Your assignment → Write out exactly the lines below starting at the one containing "The first floor" and ending at the one containing "Description du doudou". Omit every picture.

Raw data →
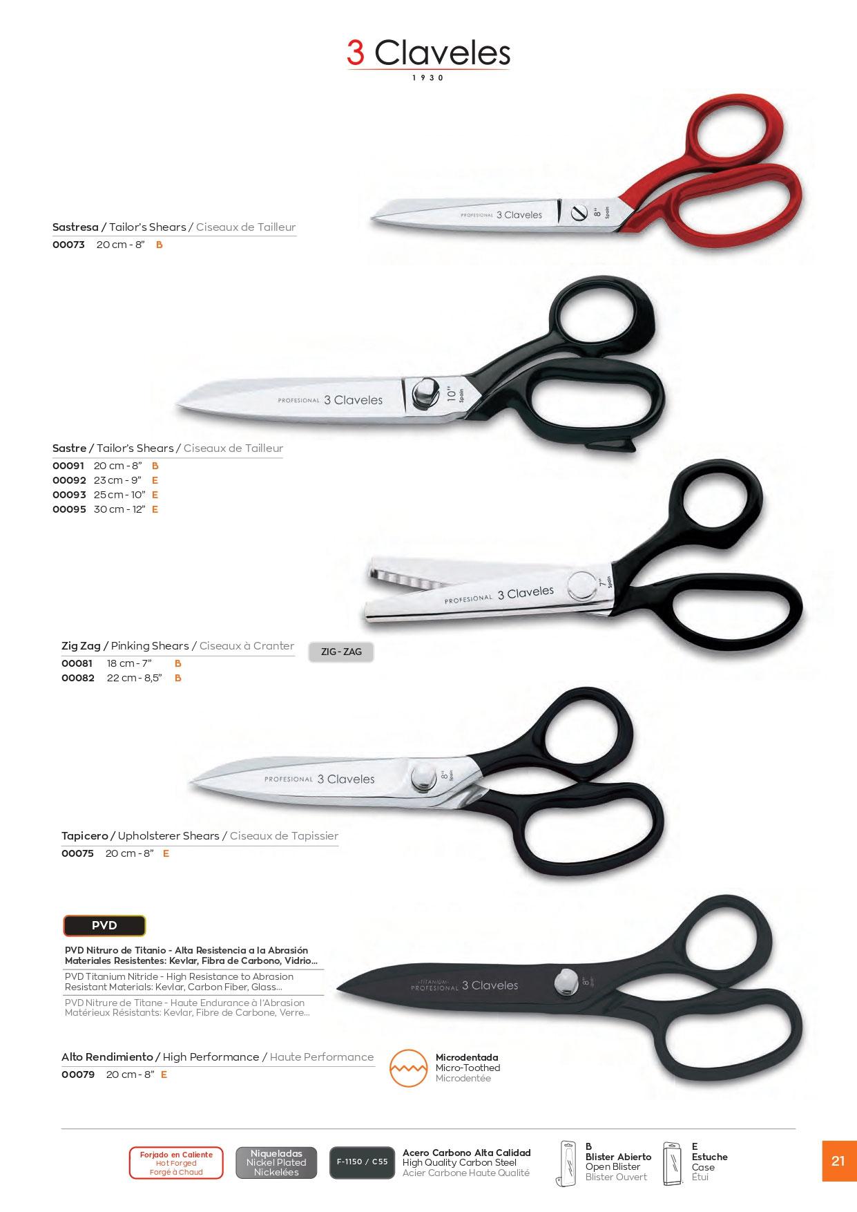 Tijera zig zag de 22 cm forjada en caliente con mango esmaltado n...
==
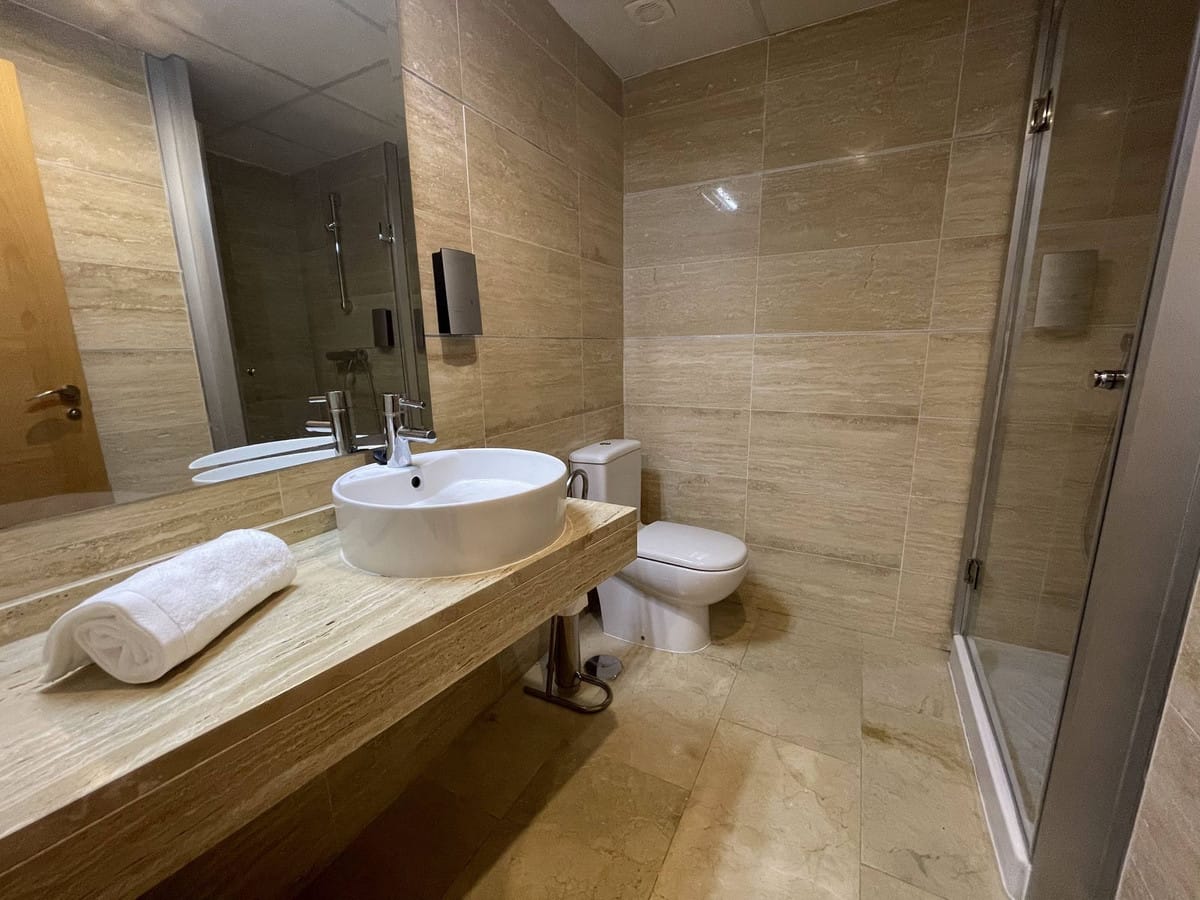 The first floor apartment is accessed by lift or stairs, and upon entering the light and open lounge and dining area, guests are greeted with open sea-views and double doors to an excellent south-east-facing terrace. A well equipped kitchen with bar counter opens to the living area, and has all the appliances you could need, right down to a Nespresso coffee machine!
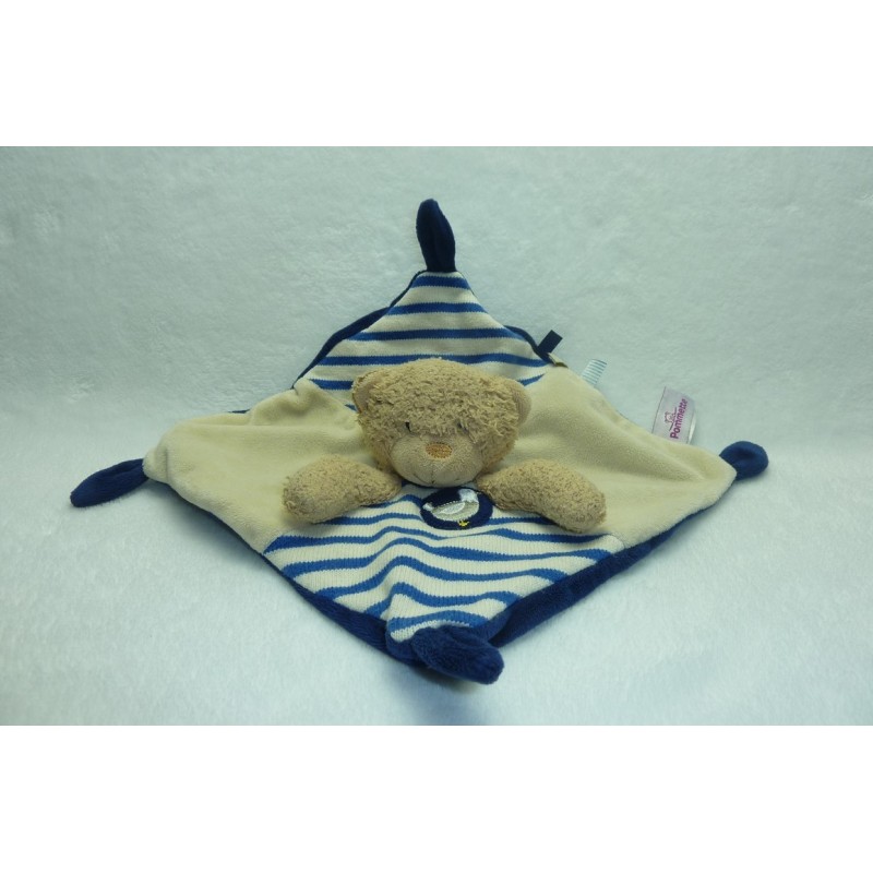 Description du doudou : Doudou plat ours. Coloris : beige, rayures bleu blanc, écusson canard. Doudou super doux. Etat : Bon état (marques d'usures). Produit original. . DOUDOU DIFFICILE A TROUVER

Response area →
 The first floor apartment is accessed by lift or stairs, and upon entering the light and open lounge and dining area, guests are greeted with open sea-views and double doors to an excellent south-east-facing terrace. A well equipped kitchen with bar counter opens to the living area, and has all the appliances you could need, right down to a Nespresso coffee machine!
 Description du doudou : Doudou plat ours. Coloris : beige, rayures bleu blanc, écusson canard. Doudou super doux. Etat : Bon état (marques d'usures). Produit original. . DOUDOU DIFFICILE A TROUVER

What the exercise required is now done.